Figure 1: Main links of data value
The application of blockchain in data recording and acquisition
Blockchain is a distributed ledger about Token. Token is essentially a state variable defined in the blockchain (Part 4 will discuss another meaning of Token in the payment field). There are not only data related to Token and its transactions, but also data not related to Token and its transactions.
Data related to tokens and their transactions — how many tokens are in each address of the blockchain and the Token transaction records between different addresses — are native to the blockchain and recorded by the blockchain. It is a product of mathematical rules, true The accuracy is guaranteed by cryptography, consensus algorithms, etc. Measured from the proportion of storage space in the blockchain and the computing resources invested by verification nodes (miners), this part of the data is dominant in the data in the blockchain and is also the data with the highest “value content” in the blockchain. For example, in central bank digital currency and stable currency applications, this part of the data is the basis for analyzing capital flows and implementing anti-money laundering and anti-terrorist financing supervision. For another example, in cryptocurrency pricing, in-chain transaction data is an important valuation reference.
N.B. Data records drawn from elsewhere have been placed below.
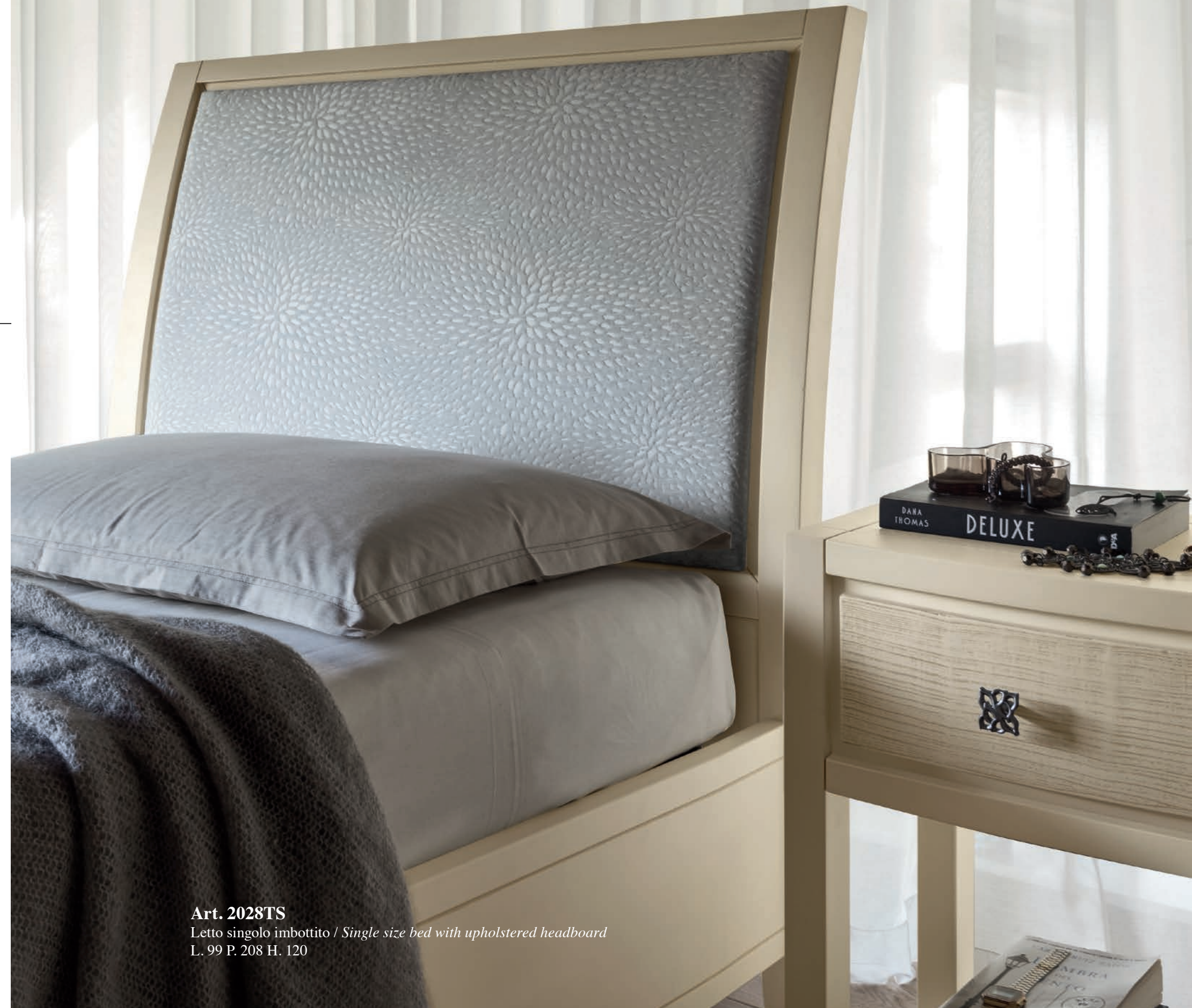
Art. 2028TS Letto singolo imbottito / Single size bed with upholstered headboard L. 99 P. 208 H. 120
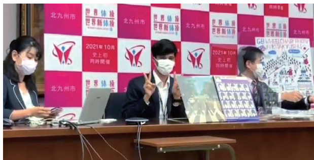
2022年の世界体操開催都市であるイギリス・リバプールと本市がオンラインでエール交換を行ったときの通訳者

北九州市の国際交流員（CIR）として、北九州市役所が発行した書類を、市に住む外国人や海外に送付する前に、翻訳・確認を行う責任があります。また、特別な行事やイベントの通訳をする機会もありました。
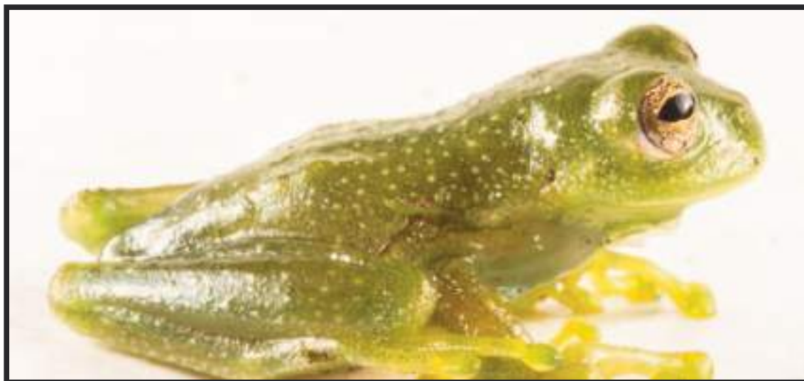
Fotografía cedida por la Universidad Pontificia Católica del Ecuador de la especie de rana de cristal.

El Inabio advirtió que "lastimosamente, las concesiones mineras amenazan a esta nueva especie y la localidad donde fue encontrada no se encuentra en zona protegida".
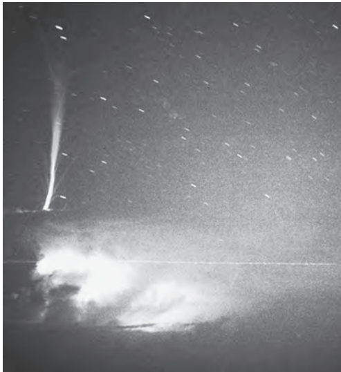
Imagen 17: Un chorro azul sobre una tormenta en la isla La Reunión.

luz azul que muy raras veces surgen de los topes nubosos de las tormentas y pueden ser causados tanto por rayos positivos como negativos. 60 Su velocidad alcanza los 120 kilómetros por segundo y han llegado a remontarse hasta los 45 kilómetros de altitud (imagen 17). El color azulado de los chorros se atribuye a la ionización del nitrógeno de la atmósfera circundante. Su estudio es mucho más complicado que el de los duendes y otros fenómenos mesosféricos porque se originan en la nube misma. Entre estos chorros azules, los más pequeños, es decir, aquellos que sólo alcanzan hasta 25 kilómetros de altitud, se denominan iniciadores azules ( blue starters , en inglés).
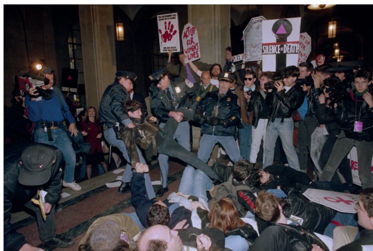
Albany Actie ACT UP, 23 maart 1990.

Door de grassrootsstructuur en geen rechten aan de beeldtaal te koppelen kunnen individuen in andere steden en landen ook eenvoudig een ACT UP-beweging starten. Zo worden vanaf 1989 ook bewegingen in onder andere Berlijn, Amsterdam en Parijs opgericht. Die eerste twee houden midden jaren '90 op te bestaan of vloeien over in andere verenigingen. De Amerikaanse en de Franse beweging zijn tot de dag van vandaag nog volop actief.
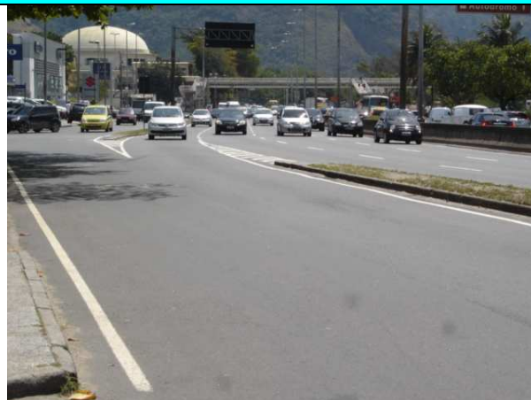
Figura 6 – Sinalização horizontal executada na pista lateral da Av. Ministro Ivan Lins.
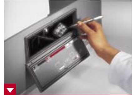
Entwickler - Fixierer - Wasserbad - in der Dunkelkammer blitzschnell zum sauberen Entwicklungsergebnis von Endofilmen

So sichert eine ganze Reihe nützlicher Extras dem Periomat Plus auch für die Zukunft eine bedeutende Rolle in der Praxis.
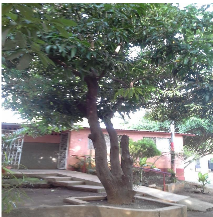
Ilustración 10 Palo de Mango
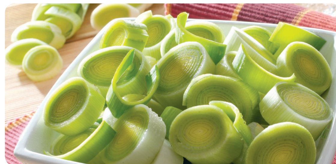
52123 Porree 1000 g 3,95 €
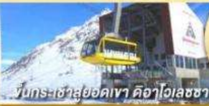
ขึ้นกระเช้าสู่ยอดเขา ดิอาไวเลซซา
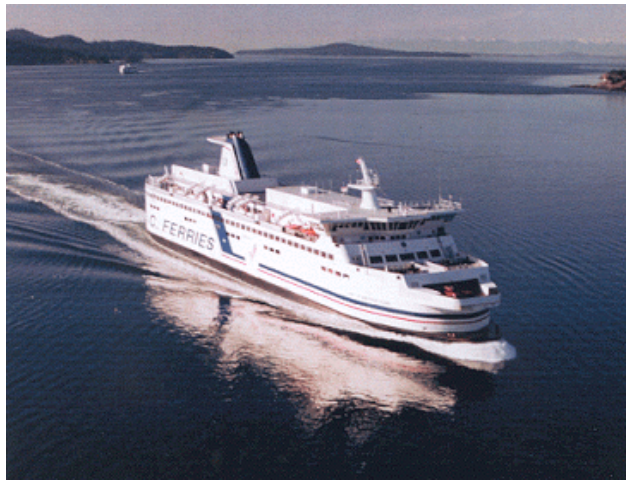
Photo 1. Le Spirit of Vancouver Island
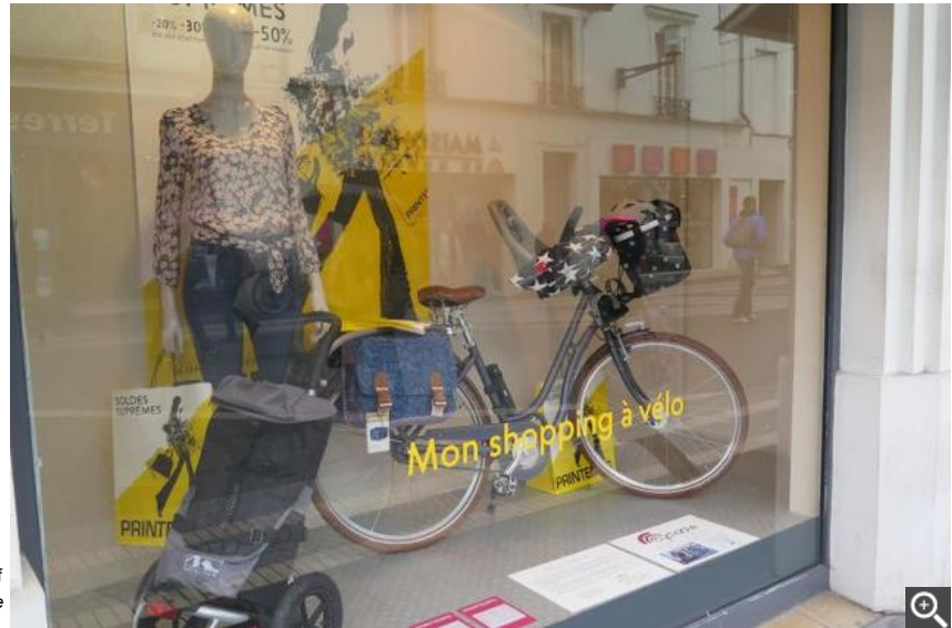
A découvrir dans les vitrines du Printemps.
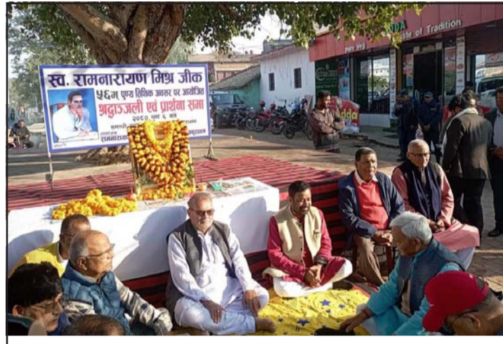
स्व रामनारायण मिश्रको ५६औं पुण्यतिथिको अवसरमा शुक्रवार जनकपुरधाममा आयोजित श्रद्धाञ्जलि एवं प्रार्थनासभा ।
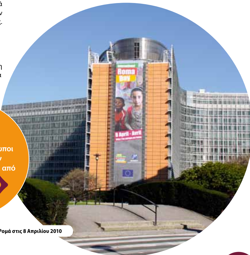
Η ΕΕ γιορτάζει την Παγκόσμια Ημέρα των Ρομά στις 8 Απριλίου 2010

http://ec.europa.eu/employment_social/esf/index_el.htm
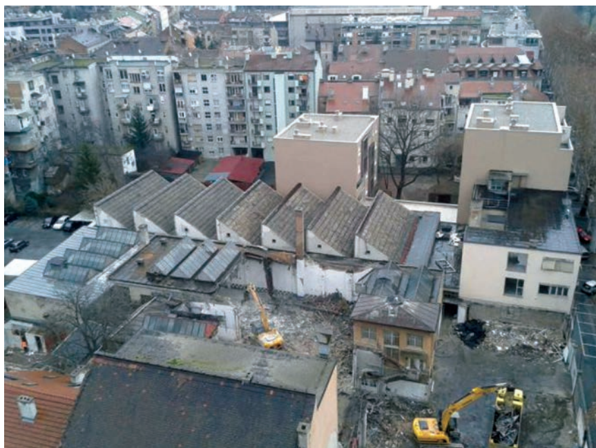
Početak rušenja kompleksa

Zagrebačka je Prvomajska , posebno njezin dio za proizvodnju alatnih strojeva, postala pravi rasadnik novih tvornica po Hrvatskoj, Vojvodini, Makedoniji i Bosni i Hercegovini, a nakon što su zatvoreni ugljenokopi, nove su tvornice nastale u Raši, Ivancu, Golubovcu, Čakovcu, Kutini, Splitu... Zagrebačka je tvornica na njih prenijela svoje znanje, organizirala proizvodnju i uvela nove sustave te osposobljavala radnike za rad. To je, među ostalim, bilo potaknuto i osnivanjem posebnog Instituta za alatne strojeve u Zagrebu te odgovarajućih razvojnih službi, ali i suradnjom s Fakultetom strojarstva
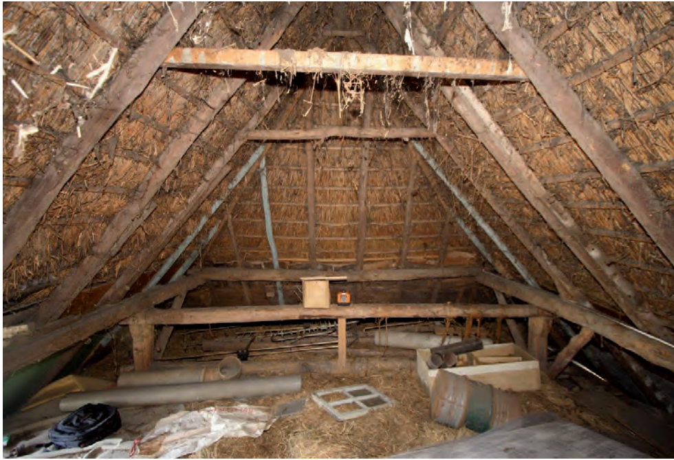
Afbeelding 15: De zolder boven de stal met het bovenste deel van het achterste ankerbalkgebint.
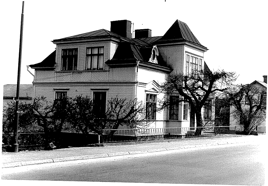
Bostadshus a fr.SV, 16:3.
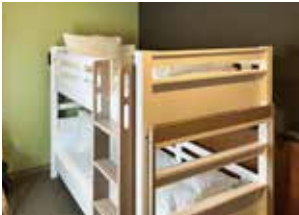
슈퍼리어 뱅크 베드
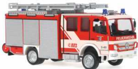
SCHLINGMANN MB Atego TLF „Feuerwehr Bad Hersfeld - Kernstadt“ 68242 | 1:87 | BV | D | PG 40
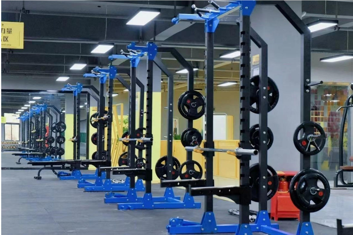
图 18 学院健身健美训练与体能训练实训室
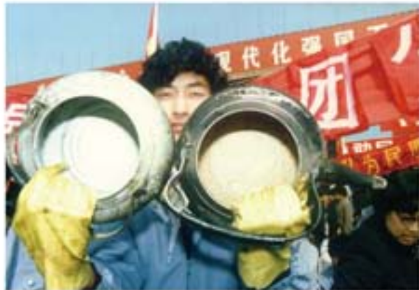
清洗茶壶（左右为清洗后茶壶的对比）

当时，在青海西宁，由清洗一把茶壶收入两毛钱为“契机”，成功吸引来西宁市防疫站锅炉清洗业务的故事，早已成为清洗行业广为人知的佳话。
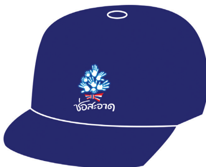
สัญลักษณ์บนหมวกพื้นขาว และหมวกพื้นสี
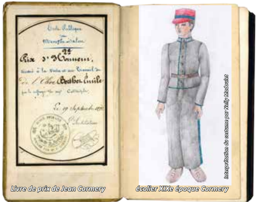
Livre de prix de Jean Cormery

Il ressentait très fort l'ardente obligation de répandre l'instruction dans toutes les couches de la société. C'est, disait-il, « le seul chemin de tout progrès, de toute civilisation ».
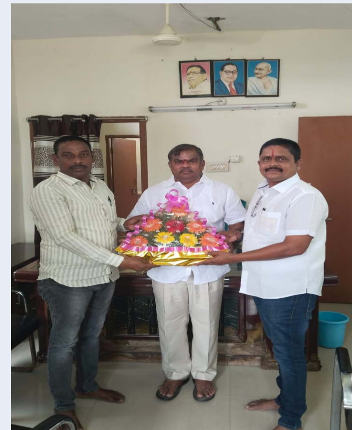
ఆత్మకూరు, అక్టోబర్ 07, (ప్రజా జ్యోతి):

-రేపు బుధవారం నూతన కమిటీ ప్రమాణ స్వీకారం
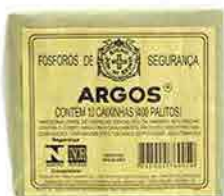
306 FÓSFOROS ARGOS 20X10 UNID 7898905100054
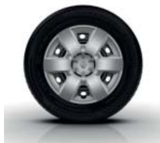
Enjoliveur 15" EGEE de série sur Kangoo Zen et Intens et Grand Kangoo Intens
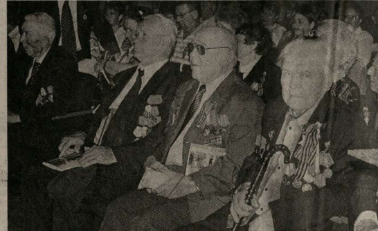
Они защищали Родину.
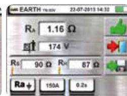
Earth resistance: result OK.
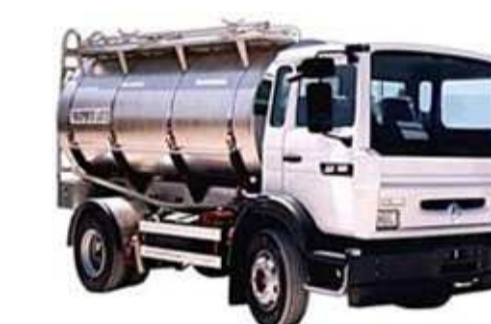
Trasporti Molinari JESI ANCONA

Temperatura latte alla raccolta: 6,00 gradi Numero di munte: 2 Targa autoveicolo di raccolta: BZ975FL Tipologia latte bovino: requisiti D.M. 185/91 Comparto cisterna: 2 Data ultima mungitura: 11/04/2010 Ora ultima mungitura: 16:00:00
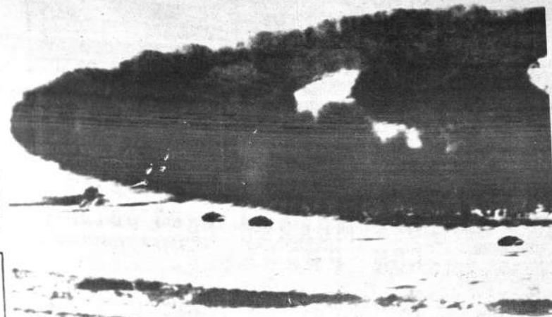
CHOQUE CHINO-RUSO. — La foto, una de las muchas que presentó China como prueba de la incursión rusa en su territorio, muestra, a decir de los chinos, a tanques soviéticos atravesando el hielo del que China reclama ser su territorio en el río Usuri. La curva del río alrededor de la disputada isla es llamada por los chinos Chen Pao y por los rusos, Damansky.

Observadores norteamericanos en líneas de avanzada informa- ron haber avistado a unos 10 soldados nortvietnamenses en la mitad sur de la zona desmilita- rizada cerca de la costa, al ano- checer del martes.
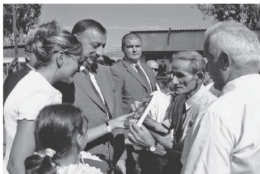
Fig. 5. Visita oficial do Presidente da República do Azerbaijão a Nij, um dos principais núcleos urbanos da população udi, em 18 de agosto de 2005.

tantes do lugarejo. As comunidades étnicas da República do Azerbaijão possuem suas próprias organizações religiosas e sociais ocupando-se dos problemas espirituais de seus membros, que recebem apoio do Estado. O registro da comunidade udi-albanesa cristã pelo Comitê Estatal Azerbaijano para as Comunidades Religiosas, no dia 10 de abril de 2003, assumiu um imenso significado espiritual para o povo udi. Em 19 de maio de 2006 realizou-se a cerimônia inaugural e a cerimônias de consagração da igreja udi-albanesa de Santo Eliseu de Tchotari, restaurada em Nij. Ocasão em que foi anunciado que daí em diante seria sempre festejado o dia 19 de maio como o dia do Renascimento da Igreja Albanesa do Azerbaijão. A conservação da língua, da cultura e da herança espiritual udi é considerada como uma pequena, mas irrefutável, parte da história do Azerbaijão, é a missão fixada pelo Centro Nacional para a Cultura e a Civilização “Orayin” e a comunidade cristã udi-albanesa. Promovendo o conhecimento da história e da Cultura udi, preparam a edição de obras literárias e pedagógicas em língua udi e a publicação de coletâneas do folclore e de relatos de autores udis; enfim, mantém laços com os udis do Azerbadjão e os da diáspora udi que vivem fora do território de sua pátria histórica.

Data irrelevant to the token and its transaction is written into the blockchain as an addition to the token transaction. Writing to the blockchain means that the entire network is visible, cannot be tampered with, and there is no error in copying and dissemination, but the blockchain itself cannot guarantee the authenticity and accuracy of these data at the source and writing links. Because of the limitation of the storage capacity in the blockchain, this part of data can only be written into the blockchain in the form of hash digest in many cases, and only a small amount of structured information can be uploaded to the chain in the form of original data. Therefore, in the vast sea of data generated all the time in the real world, the proportion of raw data that can be chained is almost negligible. This shows that blockchain is not a general-purpose ledger or database, and its strengths should be used. Only data with high enough value is worth chaining in the form of original data.
The main function of the hash digest on the chain is to store evidence , to increase the credit of the original data stored on the local device or the cloud-by revealing the original data after the fact (for example, allowing external institutions to penetrate to the local device storing the original data) , To prove two points: one is that the original data does exist at the upload time of the blockchain record; the other is that the uploader does know the original data. However, it is not advisable to understand the role of blockchain storage and credit enhancement for data. In particular, for data that is not native to the blockchain, its credibility is inseparable from the support of specialized data recording and acquisition technologies and related systems, such as the “blockchain + Internet of Things” that will be discussed next. Data management.
Internet of Things devices continuously obtain data such as geographic location, temperature and humidity, speed, and altitude from the surrounding area. With the current end-to-side anti-attack technology, the true accuracy of IoT data at the source is guaranteed to a considerable extent. IoT data is mainly stored on the cloud and locally on IoT devices. Most of the Internet of Things can run hash algorithms and public and private key signature operations. In the IoT data chain, only a small amount of structured data can be directly written to the blockchain, and most of the data is chained in the form of hash digests. Therefore, in the management of IoT data by “blockchain + IoT”, related operations are automatically executed by IoT devices, which is very efficient and reduces human intervention.
“Blockchain + Internet of Things” provides a benchmark for understanding the application of blockchain in data recording and acquisition. In addition to the data of the Internet of Things, many data are greatly affected by human factors in the recording and acquisition. Whether it is worth going on the chain requires a detailed account of costs and benefits.
Application of blockchain in data collection, verification and storage
Data collection, verification and storage mainly rely on database technology, and the direct role of blockchain is limited. For example, the management of personal data in the financial sector now generally emphasizes the application of API technology to generate compound value through data aggregation.
As discussed in the first part, the data that the blockchain can store is very limited. Most of the data is stored on the local device or in the cloud, but the trust can be increased through the hash digest on the chain. In addition, if data collection, verification and storage are carried out through a market division network composed of different institutions, then in theory, this market division network can be built on the blockchain. The distributed storage project Filecoin can be regarded as an attempt in this direction . To achieve large-scale success in this direction, it is necessary to design the mechanism of a distributed economy. I summarize related economic issues as a Decentralized Data Economy, which will be discussed in Part 4.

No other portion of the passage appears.